Среди элегантных туалетов, фраков, мундиров выделялась богатырская фигура Шаляпина. Он был что-то не в духе и довольно небрежно отвечал на приветствия и комплименты. Крестовской страстно захотелось его послушать. Она потребовала, чтобы ей его представили, и с прежней своей горячностью стала просить его тут же что-нибудь спеть. Шаляпин был неприятно поражен. Он не знал, кто она и что она. К сожалению, ни баронессы, ни меня не было тут: мы подоспели только тогда, когда инцидент уже разыгрался. Он вежливо, но твердо отказал. Она продолжала настаивать. Он со скрытым раздражением, но еще улыбаясь, сказал:

– Разрешите мне хоть на этот раз быть просто гостем.

– Но если я прошу вас. Я должна вас услышать.

– Разрешите мне прислать вам билет на мой концерт.

Она вспыхнула:

– Я думала, что вы простой и милый, а вы римский сенатор какой-то!
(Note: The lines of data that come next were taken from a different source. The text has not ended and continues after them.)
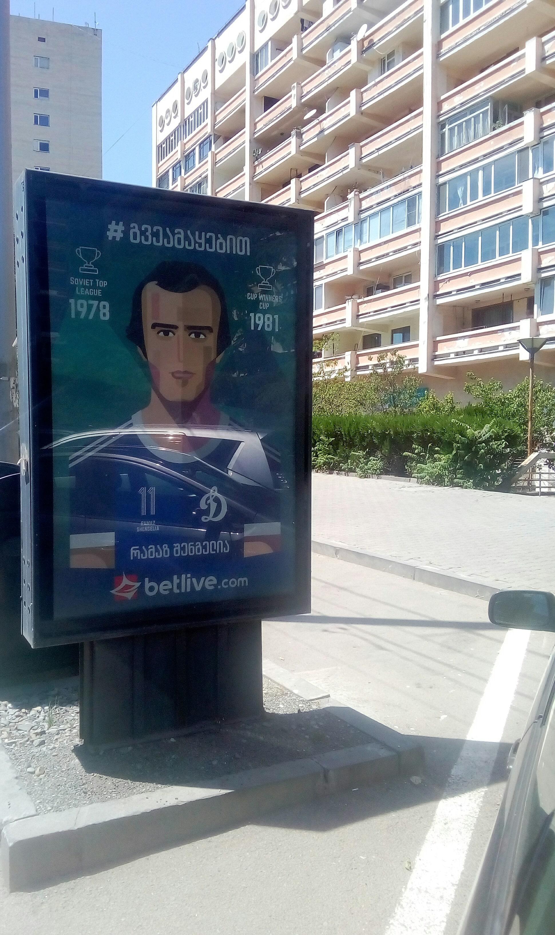Каждый день я за рулем, и  уже несколько месяцев,  постоянно, на главных улицах Тбилиси, попадаются стенды с граф. изображениями великих грузинских футболистов разных времен.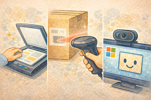 バーコードリーダーは、商品などに印刷されたバーコードを読み取り、そこに記録されたコード情報をコンピュータに入力する装置です。スーパーやコンビニのレジ、倉庫での在庫管理など、流通・販売の現場で広く利用されています。バーコードをスキャンするだけで商品コードや価格などの情報を素早く読み取れるため、手入力の手間やミスを大幅に減らせます。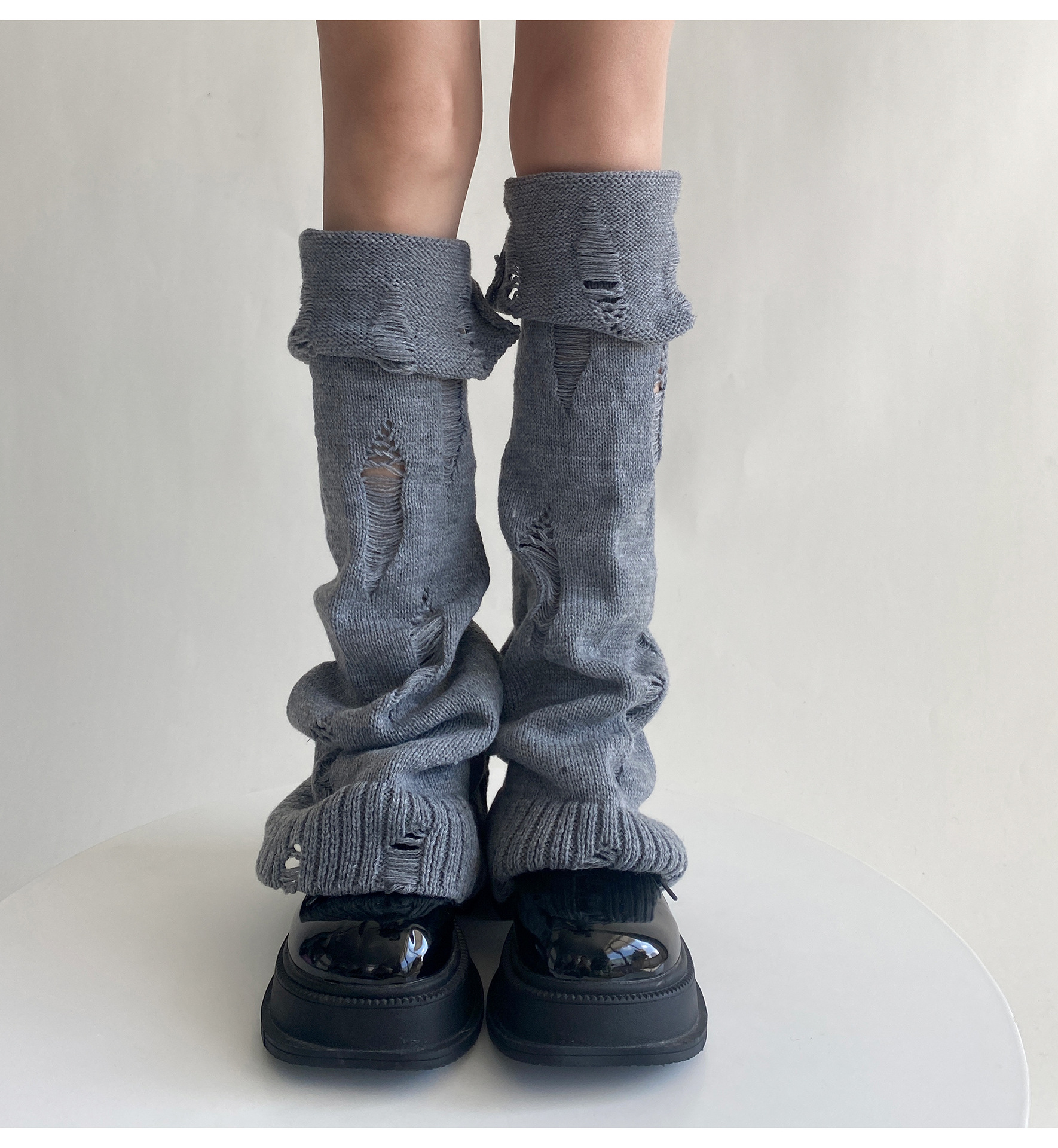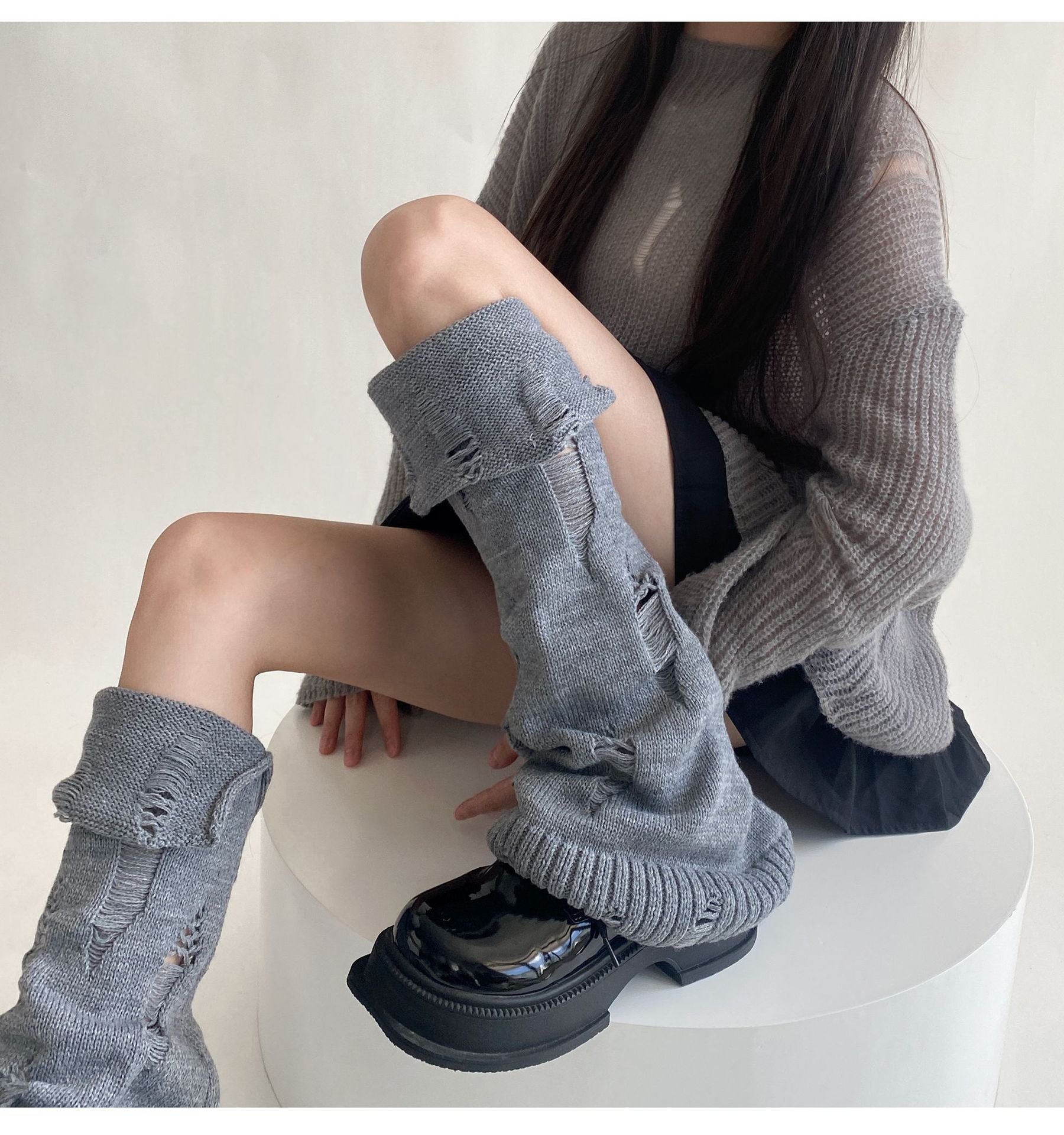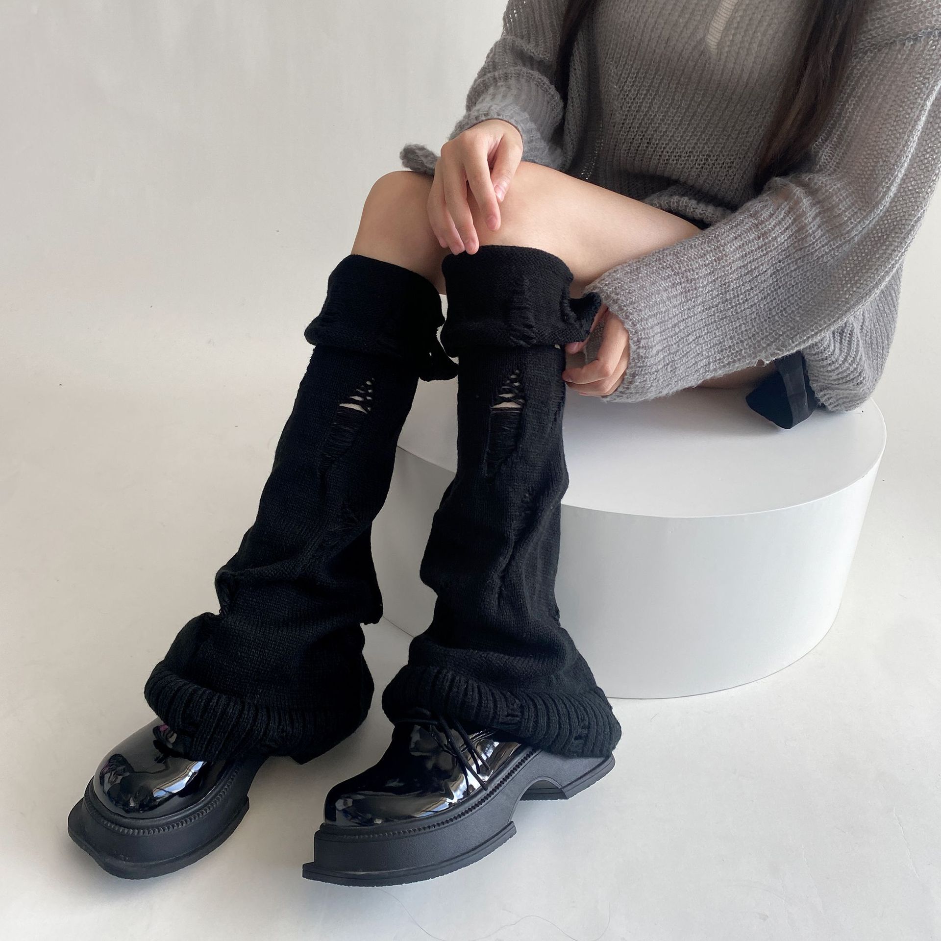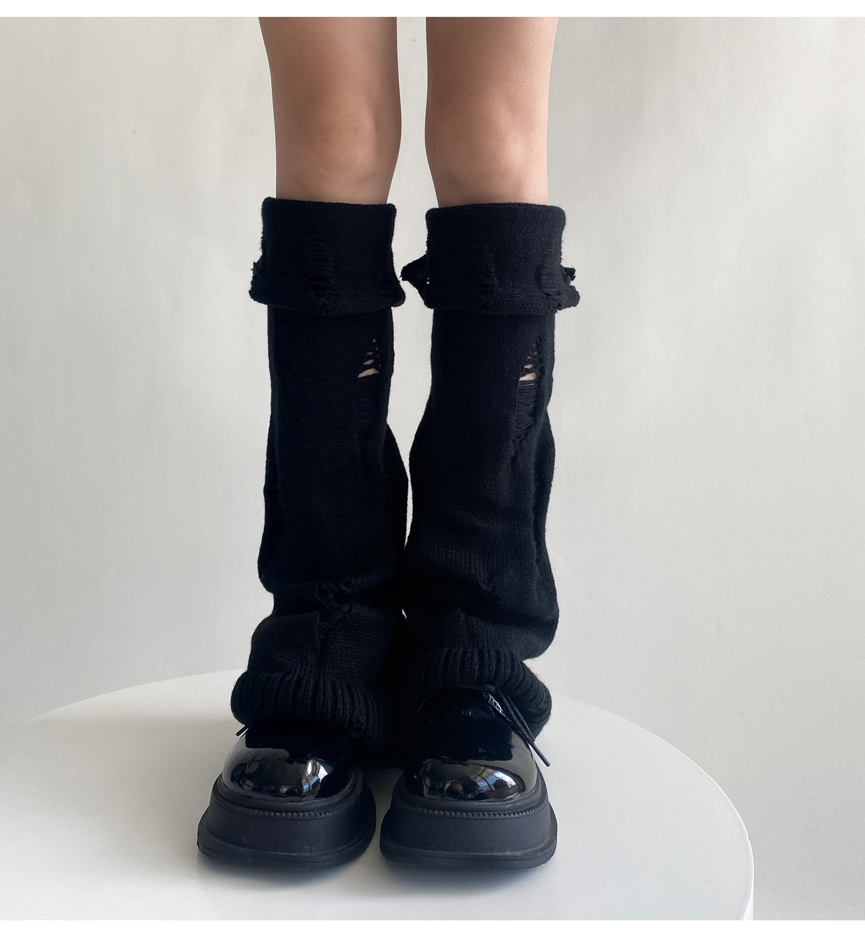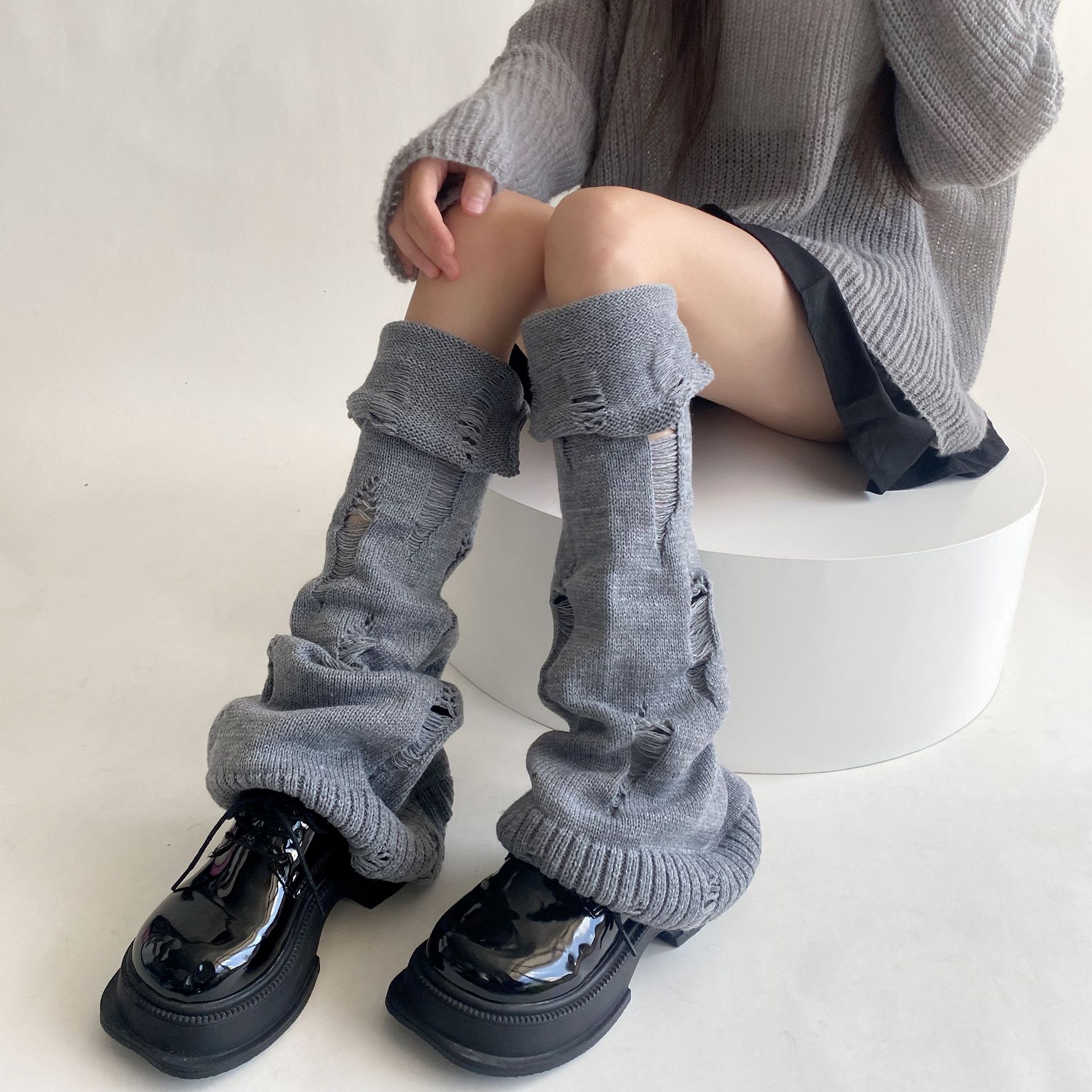 일본식 맞춤형 하위 문화 니트 구멍 넓은 다리 양말 거지 양말 가을과 겨울에 따뜻하게 유지하기 위해 여성이 입을 다물고 다리 커버

Муж рассказывал мне, что этот "римский сенатор" почему-то особенно взбесил Шаляпина, и он наотрез отказал. Тогда у нее вырвался малодушный вопль:

– Но поймите! Я могу не дожить до вашего концерта!

Но на Шаляпина уже "накатило", и он ответил ей так резко, что муж поспешил его увести. Он рассказывал мне потом, что Шаляпин возмущался и на его объяснения отвечал:

– Если бы я для всех умирающих пел, – у меня давно бы голоса не хватило!

Натянутые нервы М.В. не выдержали: с ней сделалась истерика. Подоспела хозяйка, прибежала я – мы увели рыдающую М.В. Этот эпизод, сам по себе незначительный, страшно подействовал на Крестовскую. Несчастная потянулась к людям, к жизни – и на ее последнюю просьбу жизнь ответила грубым отказом. Она с трудом перенесла это, и у нее осталось впечатление ненужной жестокости. Я думаю, Шаляпин не отдавал себе отчета в полном значении этого факта, – иначе он, верно, не так бы отнесся к ней. На всех присутствовавших эта сцена произвела тяжелое впечатление.

Да... Не это видели перед собой прекрасные глаза той молодой женщины, которая смотрит на нас с репинского портрета.

Три портрета, находившиеся у Крестовской, могли бы характеризовать всю историю ее жизни: прелестная акварель Крамского – изящная, одухотворенная голова М.В., – начало; репинский портрет – свежий, наивный, несложный – середина, расцвет всех возможностей... и портрет Хейлика – жуткий конец.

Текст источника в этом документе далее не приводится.